Fast ferry option from Alexandria to D.C. receives grant money

WASHINGTON — Within a year, a fast ferry could bring commuters from the Alexandria, Virginia, waterfront to the Navy Yard.

Prince William County Supervisor Frank Principi says U.S. Department of Transportation has awarded a grant of nearly $4 million to provide assistance to help establish the service.

The money will be used to buy two ferry boats and operate them during commuter hours.

“Assuming that it takes off, and there’s a high demand for it, as our study indicated, then [we could] expand the service,” Principi says.

Principi, an advocate for the ferry service, has been working with the Northern Virginia Regional Commission and regional stakeholders to start the service after a 2009 Virginia Department of Transportation study concluded that it would be viable transit option for the region.

The NVRC is made up of 14-member governments from the Northern Virginia suburbs.

“The market analysis, where we’re able to demonstrate a consumer demand for the service, I think was the ultimate issue that led the U.S. Department of Transportation to financially support the launch of ferry service in the region,” he says.

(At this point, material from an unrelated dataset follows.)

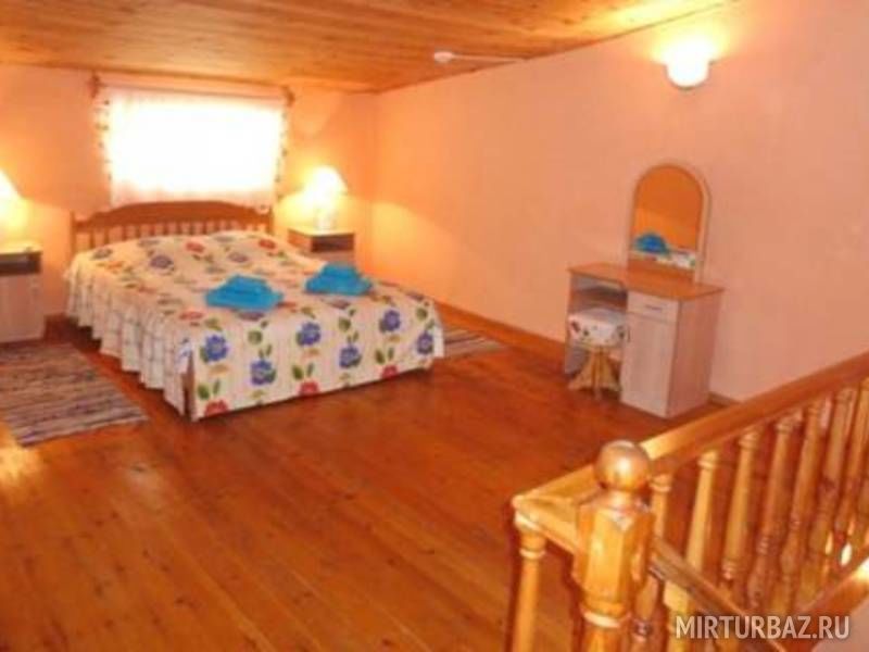 В домике кровати, прикроватные тумбочки, шкаф для одежды, туалетный столик с зеркалом и столиком, журнальный столик, большой диван. Из удобств: телевизор, холодильник, кондиционер, балкон, санузел совмещенный в доме.
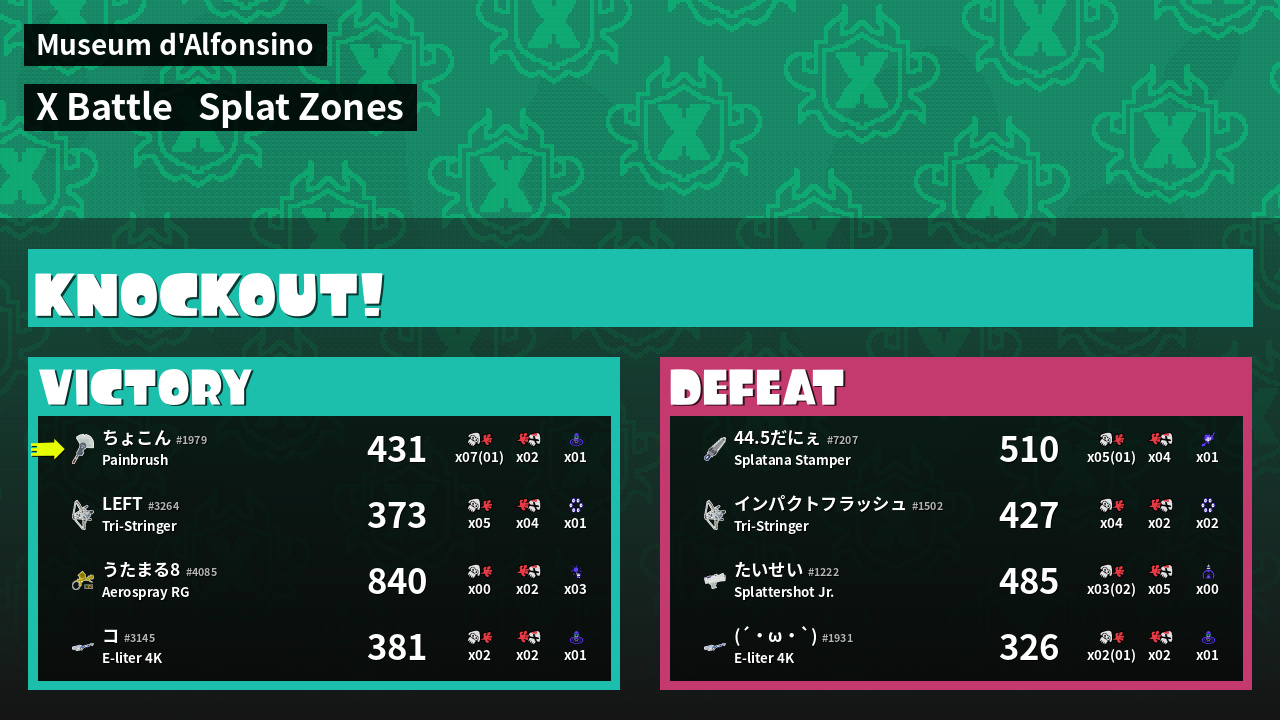 | Mode | Splat Zones - X Battle | ||

Getting the ferry service off the ground is not a huge technologically complex issue that some would think. But growing it and sustaining it will be more difficult.

And that will require more partners to climb onboard, he says.

“Be it the military, local and state government and private sector to sustain the launch of the service,” he adds.

Principi says the reason it should be up and running within a year is because, “We don’t want to pick locations that require extensive dredging and environmental issues. We want to pick clean environmentally sound locations possibly with a floating dock.”

He adds that there are opportunities for a floating dock on the waterfront in Alexandria.

Principi says the ferry didn’t come about overnight.

“The U.S. Navy, the U.S. Department of Transportation, U.S. Maritime Administration and local operators have been meeting for the better part of 18 to 24 months and have conducted the third of three studies. We’ve been studying this issue, the technical feasibility, the economic feasibility for some time now,” he says.

Additionally, he says the Metropolitan Washington Airports Authority is very interested in the possibility of having ferry service from Ronald Reagan Washington National Airport to and from points in D.C. possibly using a floating dock.

He says he is confident the ferry service will be successful especially, “once we get boats into the water and demonstrate that this is a viable alternative to I-95.”

The NVRC is the financial administrator for the grant from the U.S. Department of Transportation and the commission will oversee the ferry service.